Using the principal residence exemption when transitioning to retirement living

By Tim Brisibe | July 26, 2018 | Last updated on September 15, 2023
4 min read
Historic Buildings on Barrington Street between Prince Street and Sackville street in downtown Halifax
© Wangkun Jia / 123Rf Stock Photo

This article was co-written by Rebecca Cicco, CPA, CA, director of tax and estate planning at Mackenzie Investments.

In today’s Canada, where those aged 65 years and older outnumber those aged 14 and younger, adult children are increasingly faced with the challenge of assisting an aged parent with the possible transition from their homes to what’s known as a collective dwelling.

Based on the last census, more than 425,000 Canadians aged 65 and older live in collective dwellings: nursing homes, long-term care facilities and seniors’ residences. The Conference Board of Canada projects that this number will exceed 610,000 by 2026.

For seniors contemplating a move to collective dwelling, they or their children must decide what to do with their principal residence and should understand the related tax and estate implications.

The principal residence usually represents significant value and occupies a central place in estate planning, particularly as the senior contemplates a permanent transition to a collective dwelling, or ultimately upon his or her death. Many seniors may expect their former home to qualify for the principal residence exemption (PRE) throughout their stay in a collective dwelling.

Read: Best tax options to transfer the cottage to kids

This concern is certainly more pronounced for a single individual or a surviving spouse or common-law partner. From a tax perspective, the home must qualify as a principal residence in order to be exempt from capital gains tax when disposed or deemed disposed, which requires the taxpayer (or taxpayer’s child) to ordinarily inhabit the property. Consequently, the taxpayer will not meet the criteria for the tax years spent living in a collective dwelling. This fact catches many families off-guard when a parent dies or the home is sold.

To avoid such a surprise, here are some considerations to help in discussions with your clients and their families as they explore the possibility of transitioning to collective dwelling living.

Sell the home

The default option is to sell the senior’s principal residence, especially if they require the proceeds of sale to fund their new collective living lifestyle. In this case, they can use the PRE to minimize or eliminate any capital gains tax on the property. Additionally, the proceeds could be used to provide an early inheritance for children or other beneficiaries.
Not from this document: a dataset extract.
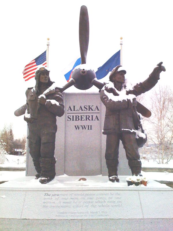 - Уменьшенная копия мемориала в Фэрбанксе (Аляска, США) в Якутске, музей ДОСААФ.

Have an adult child reside in the home

If a parent does not wish to sell the property, or they are indecisive while in collective living, they may wish to take advantage of the “ordinarily inhabited” rule by having an adult child occupy the home during this period. In such a scenario, the home can still be designated as the parent’s principal residence for the period when the adult child lives at the property. The onus is on the adult child to ensure this decision makes sense based on their personal circumstances.

Aging in place

A senior may prefer to reside in their principal residence when a live-in caregiver can be retained. This may require renovations to accommodate potential physical limitations. Federal and provincial non-refundable tax credits may be available to assist Canadians when considering this option. This allows the senior to maintain their current lifestyle while still benefiting from the PRE.

Rent out the home (change in use)

If the homeowner does not wish to sell the home but still requires another income stream to fund the collective living lifestyle, they may consider renting the home. For income tax purposes, this means converting the principal residence into an income-producing property.

Read: Deceased mom’s estate causes tax nightmare

When a taxpayer converts a principal residence to a rental property, subsection 45(1)(a) of the Income Tax Act deems the taxpayer to dispose of and to immediately reacquire the property at fair market value. Generally, income-producing properties cannot be designated as a taxpayer’s principal residence unless the taxpayer qualifies for and files a subsection 45(2) election.

The subsection 45(2) election deems no change in use to have occurred and allows a taxpayer to designate the home as their principal residence for up to four tax years during the time it is used for income-producing purposes–thus deferring the deemed disposition until the property is sold–provided:

  • no tax depreciation is claimed on the property while the election is in effect; and
  • all rental (or business) income is reported.

To designate an income-producing property as a principal residence for an additional four taxation years:

  • no other property may be designated by the taxpayer as their principal residence; and
  • the taxpayer must remain resident or deemed resident of Canada.

To make the election, the taxpayer must file a letter with the personal T1 income tax return in the year the change in use occurs. The subsection 45(2) election may prove useful if the property’s value is expected to continue appreciating after the change of use. This way, the unrealized gain can be sheltered by the PRE.

Other considerations

As a reminder, CRA’s administrative policy regarding the PRE now requires taxpayers to report actual or deemed sales of real property, including a principal residence, occurring after January 1, 2016, on their personal T1 income tax return.

Read: House flipping has tax consequences: CRA

Further, seniors should consider executing an enduring power of attorney (for property) to provide for certain powers, including rent or sale. If the home is sold pursuant to an enduring power of attorney, the idea would be to hold the sales proceeds in trust for the donor’s benefit, as attorneys are generally precluded from making testamentary dispositions.

Tim Brisibe

Tim Brisibe, TEP, is Director, Tax & Estate at Mackenzie Investments.